To be paid for these screening tests, CMS will require all radiologists or facilities to submit data to a CMS-approved registry for all LD-CT lung cancer screenings performed. The elements to be reported at this time are: facility, radiologist, patient, ordering practitioner, model of CT scanner, indication, system, smoking history, radiation dose, and date. The catchment area for registration is all 50 states, territories, and the District of Columbia. These registries are required to have a steering committee, management plan, operational plan, a defined catchment area, ability to submit data electronically, use CMS standard data dictionary, mechanism to have a list of all participating facilities, and a quality assurance plan.
These will not be cancer registries, but registries to compile data to document and evaluate LD-CT screening in this group of participants. But adding an outcome component by linking these registries to cancer registries would create important research opportunities. We have experience and technical resources to work with CMS. This idea is similar to the NCI Breast Cancer Surveillance Consortium (BCSC), founded in 1994, which included six organizations and two affiliates and a coordinating center. The (BCSC) is a resource for researchers to examine the delivery and quality of breast cancer screening in the United States, including related patient outcomes. The BCSC has included over 2.3 million women, has over 9.5 mammograms, and has published over 450 scientific papers.

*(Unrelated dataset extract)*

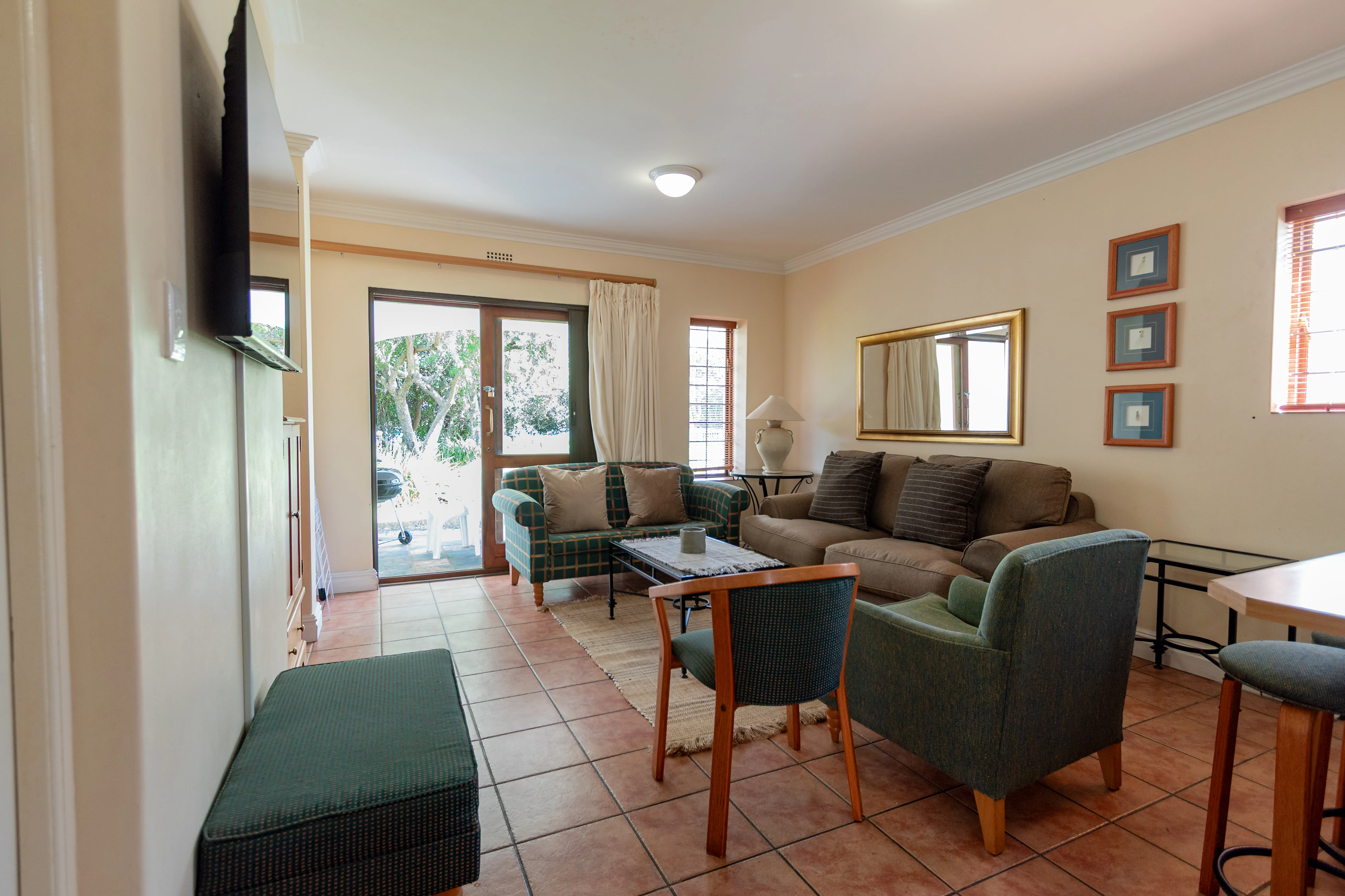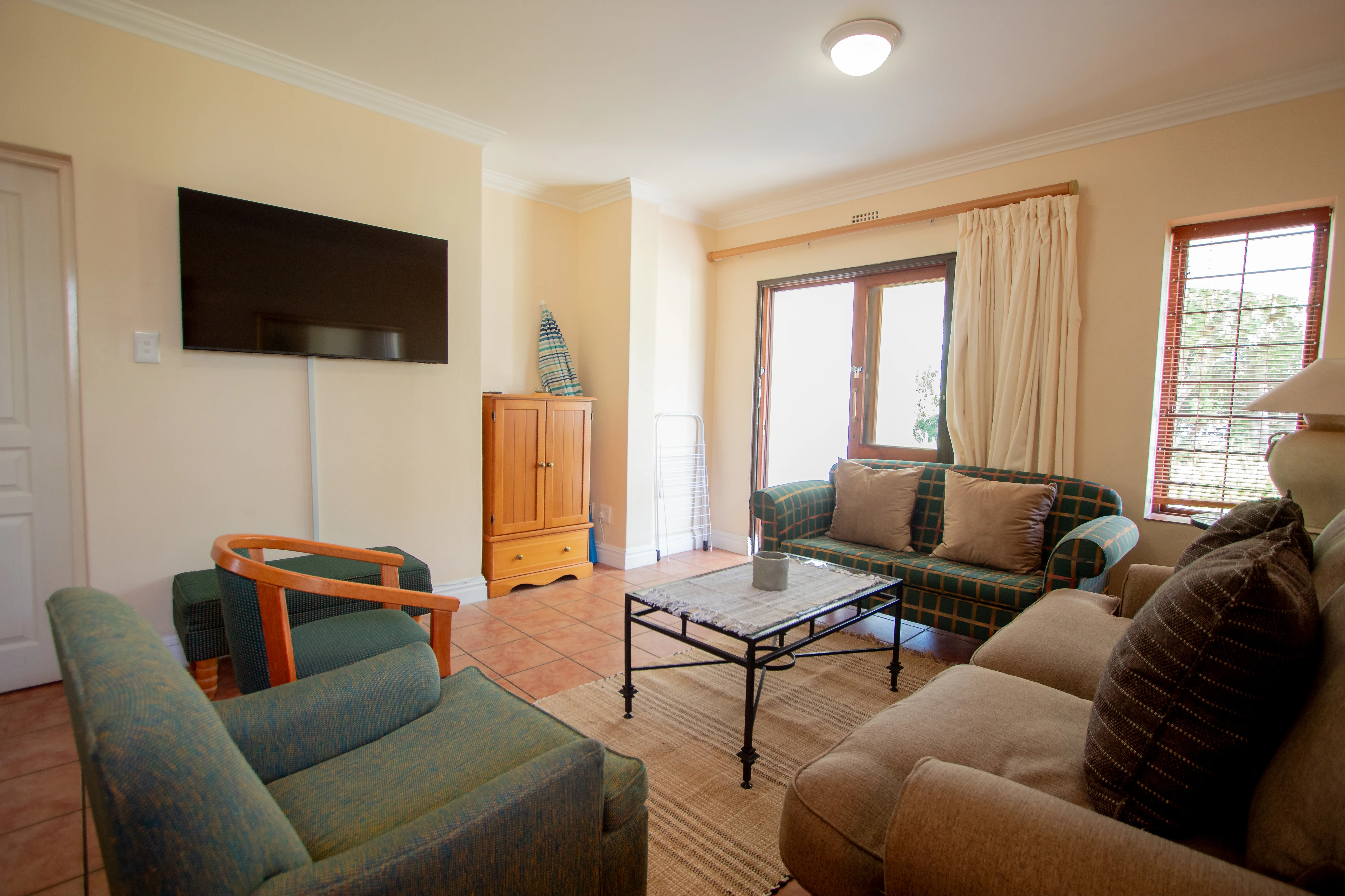 Step into a relaxed open-plan living space with comfortable seating, an HD Smart TV (streaming ready), and sliding doors opening onto a sunny Weber braai patio with outdoor dining furniture—perfect for sunset views over the surrounding gardens.

So, this announcement not only confirms that a new important screening tool is available to older Americans but has the potential for research on delivery of care and outcomes for lung cancer patients. NAACCR or individual cancer registries should consider exploring the opportunities made possible by this announcement.
The opinions expressed in this article are those of the authors and may not represent the official positions of NAACCR.